*Task:* Copy out exactly the stretch below, from the line with "8. 編輯專案下的 _config.yml,將" through the line with "Старша медсестра ДНЗ", both included; the pictures stay out.

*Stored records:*
*****

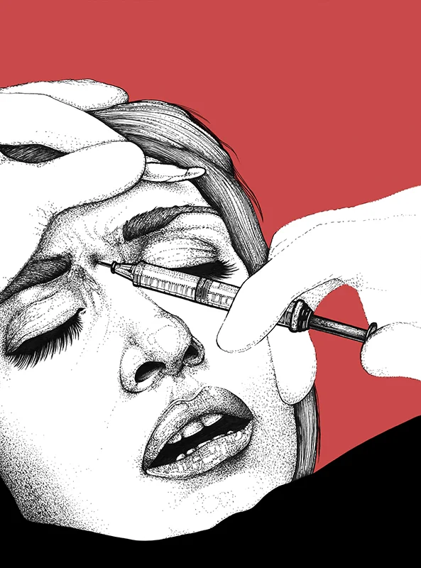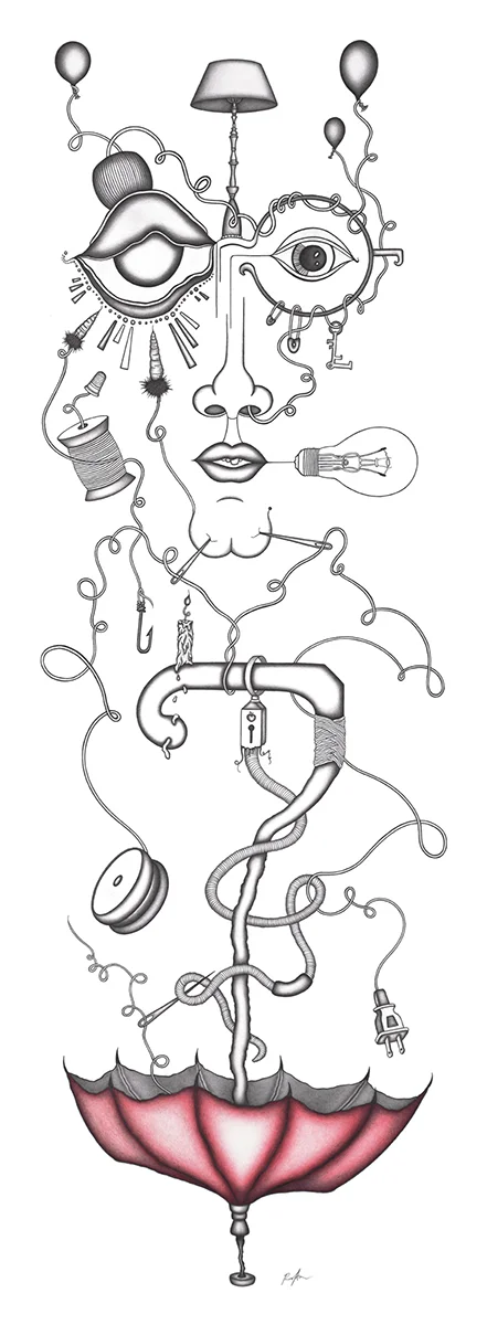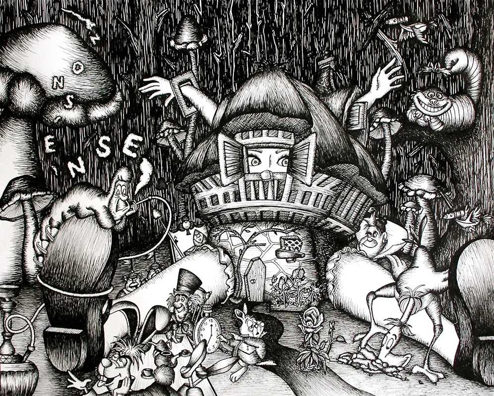 brown pen, marker, white pen and colored pencil on mid-toned paper
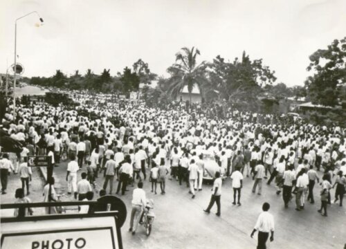 For the struggle for independence in the Belgian Congo, Nkrumah’s initiative indeed had direct consequences. Gaston Diomi, mayor of one of Léopoldville’s municipalities (today Kinshasa), attended the conference in Accra and was supposed to testify about his experience during a meeting of his political party, Alliance des Bakongo, on January 4, 1959. At the last minute, however, the colonial authorities of Léopoldville prohibited the meeting. As a result, people took to the streets, and made their demand for independence very explicit. Belgium, which claimed to govern a ‘model colony’, could no longer turn a blind eye to Congolese emancipation demands. A year later the country became independent.
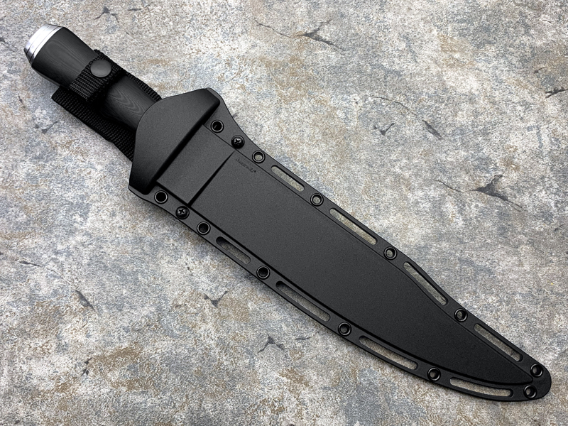 最好的材料和工艺使这样的性能成为可能。 刀片由4034SS钢制成。手柄在整体性能中也起着重要作用。 它有一个双层羽毛状护手、枕垫和尾铁由高度抛光的 300 系列不锈钢制成和一个华丽的黑色亚麻 Micarta 手柄。 它可以轻松适应各种抓握方法,同时也可以作为一种非常强大的冲击武器。
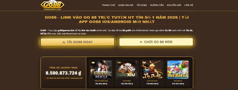 Go88 - Cổng game bài đổi thưởng uy tín 2026. go88games.link cung cấp link vào Go 88 không bị chặn, hướng dẫn tải Go88 app iOS/Android. Trải nghiệm Tài xỉu, Nổ hũ cực xanh chín.
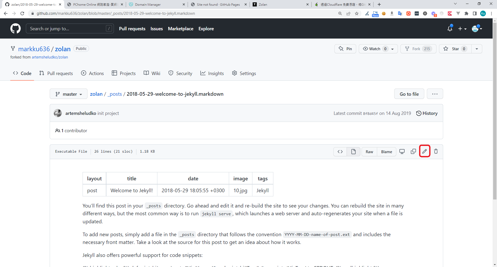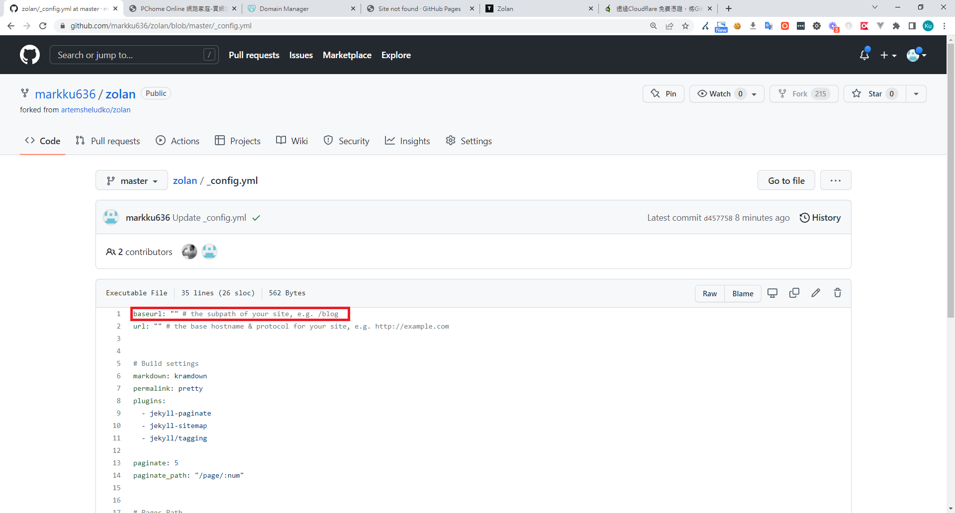 8. 編輯專案下的 _config.yml,將 baseurl 清空 > Commit changes
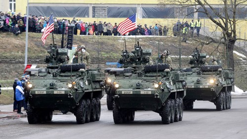 Xe bọc thép của Quân đội Mỹ tham gia lễ duyệt binh ở sát biên giới Nga ngày 24/2.
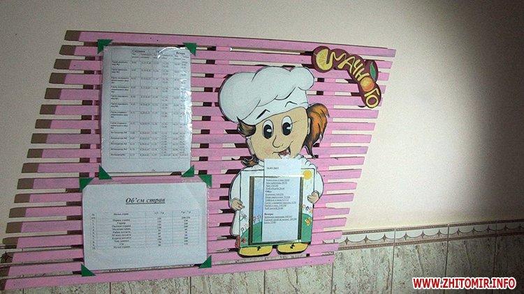 Старша медсестра ДНЗ №55 Наталія Сікан зачитує меню: «На сніданок була каша ячнева, ікра кабачкова та хліб обідній. На обід сьогодні дітки їли бурячник, картопляне пюре, тюфтелю м'ясну, салат з квашеної капусти, напій соку та хліб. І на полуденок дітки будуть їсти творожну запіканку, кавовий напій на молоці та батон».
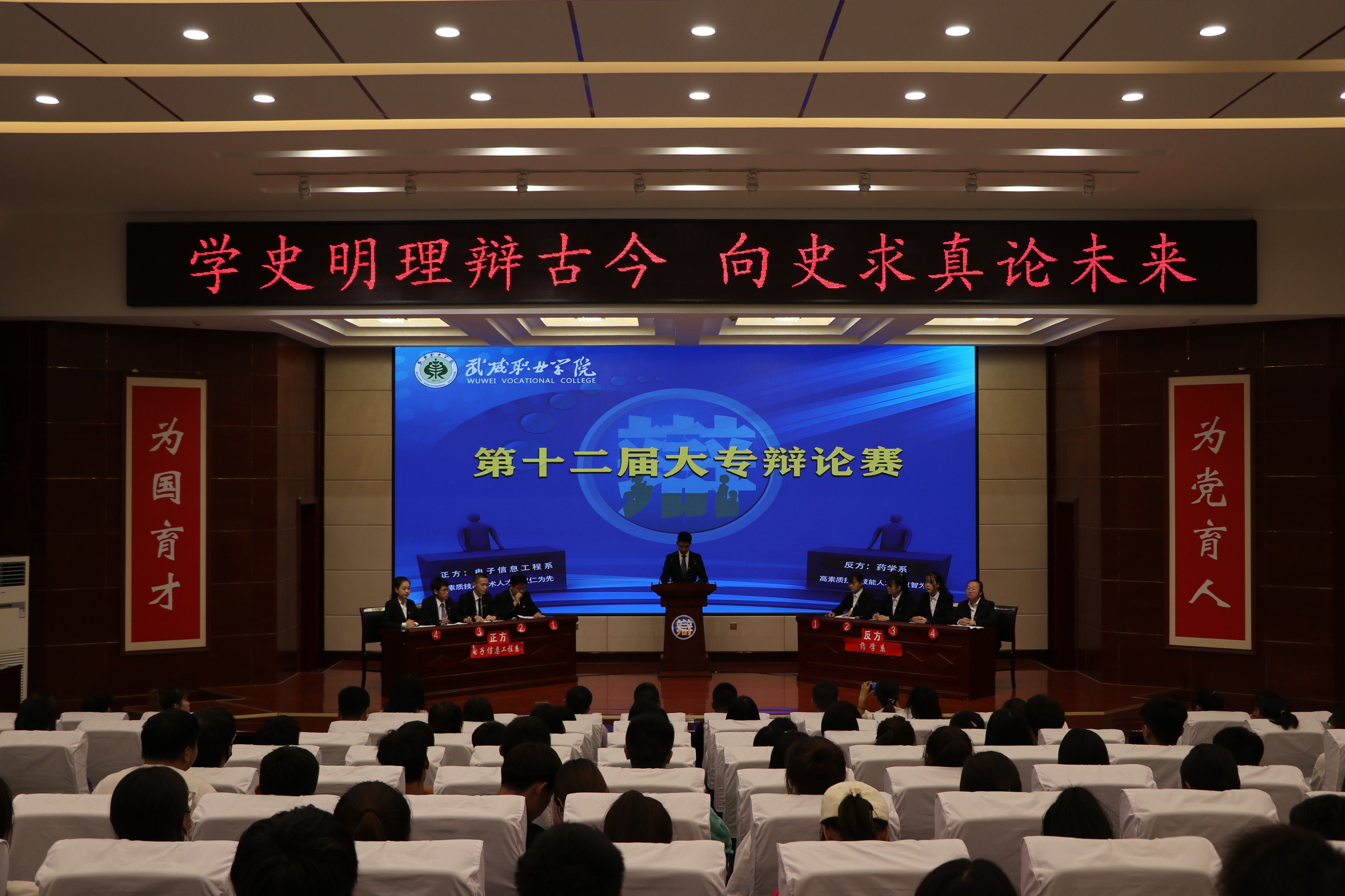 ? 2021年 7月1日晚武威職業(yè)學(xué)院第十二屆大專辯論賽在大學(xué)生活動(dòng)中心菁英廳成功舉行。
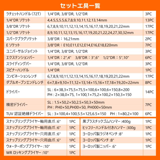| ローラーキャビネット6段(TBD-6) | 工具セット135PCS(SET-GJ135) |
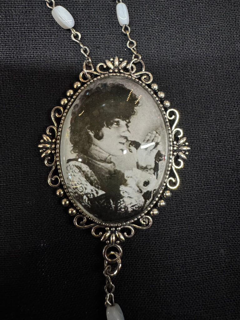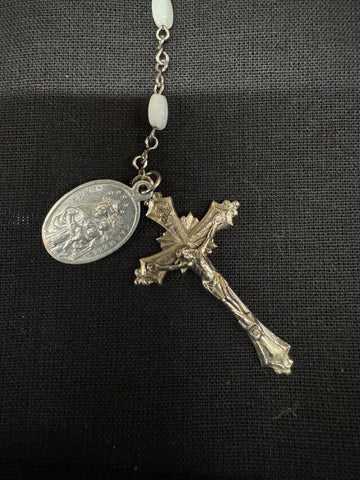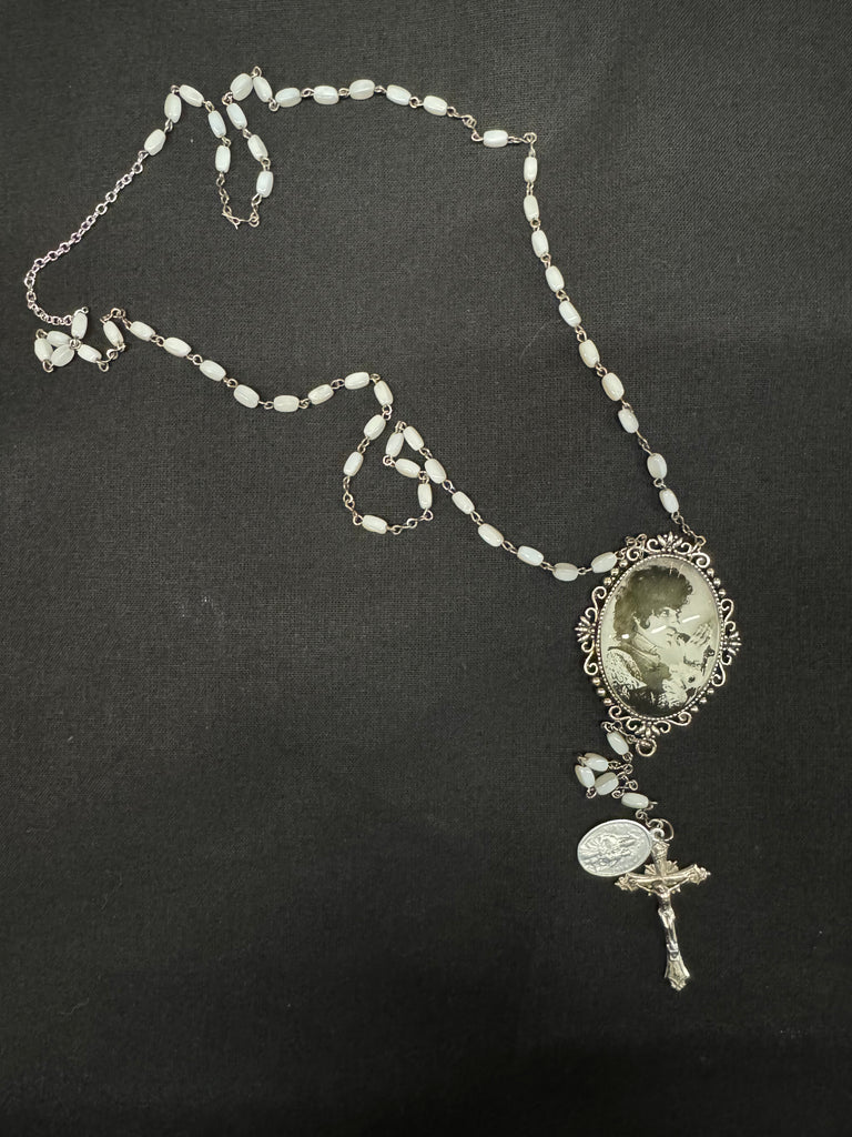 This vintage-inspired rosary features a Prince pendant surrounded by white pearlescent oval beads, and silver accents.
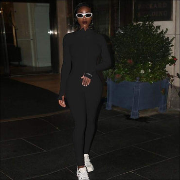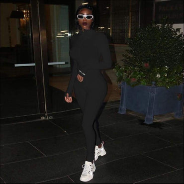 Letter Embroidery Tight Turtleneck Zipper Long-sleeve
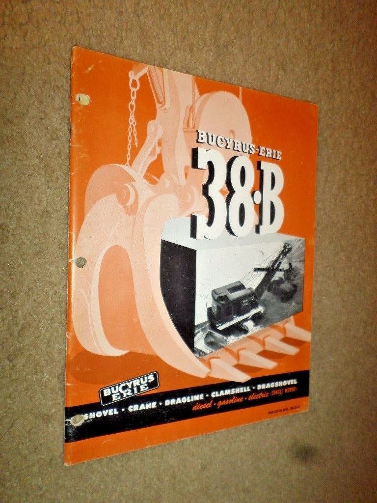 Title (ebay affiliate link): Y. Bucyrus-Erie "38-B Crawler Crane Clamshell Dragline" Tractor Dealer Brochure
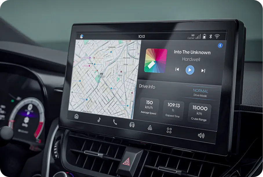 Una pantalla amplia de 10,1” para una mejor visualización de mapas, medios y funciones del vehículo, con diseño moderno y alta definición.
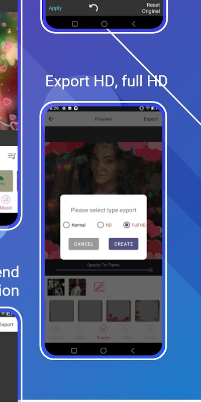 - ليس مثل التطبيقات العادية التي تسمح لك فقط بإنشاء صور ثابتة ، فنحن نسمح لك بدمج صورك مع مقاطع الفيديو مع انتقالات صور احترافية ونابضة بالحياة.
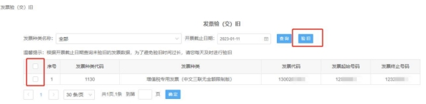 4、進入“發(fā)票驗(交)舊”模塊,選中要驗舊的票種,點擊“驗舊”。
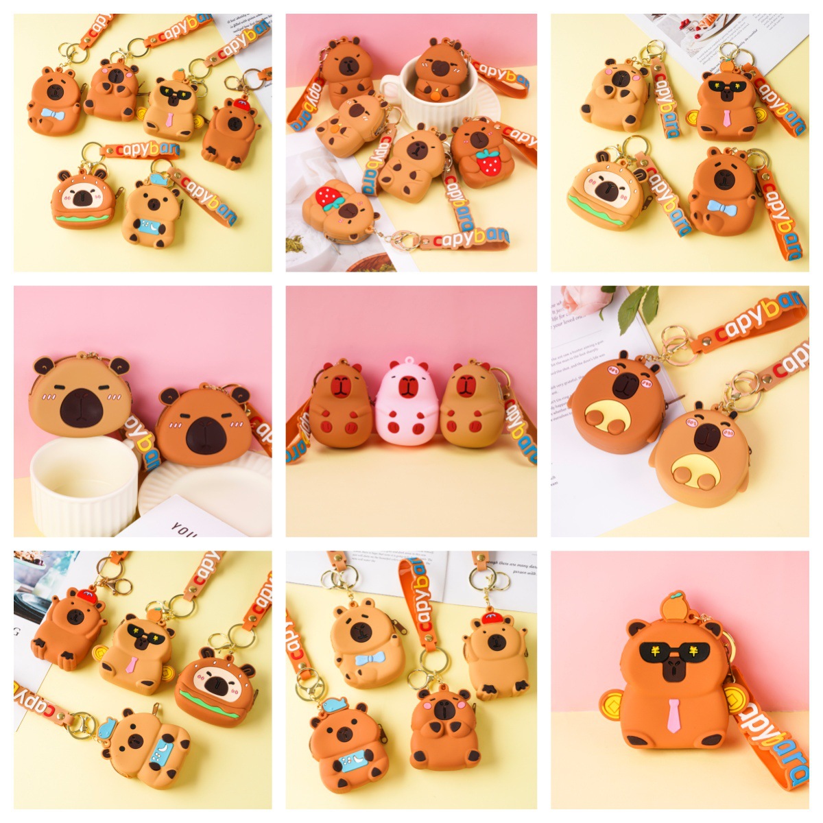 Dompet Kecil Kapibara Gantungan Kunci Dompet Uang Kecil Silikon Lucu Tas Penyimpanan Earphone Tas Sekolah Anak-anak Gantungan Hadiah Kecil

*****

*Response to the task:*
 8. 編輯專案下的 _config.yml,將 baseurl 清空 > Commit changes
 Xe bọc thép của Quân đội Mỹ tham gia lễ duyệt binh ở sát biên giới Nga ngày 24/2.
 Старша медсестра ДНЗ №55 Наталія Сікан зачитує меню: «На сніданок була каша ячнева, ікра кабачкова та хліб обідній. На обід сьогодні дітки їли бурячник, картопляне пюре, тюфтелю м'ясну, салат з квашеної капусти, напій соку та хліб. І на полуденок дітки будуть їсти творожну запіканку, кавовий напій на молоці та батон».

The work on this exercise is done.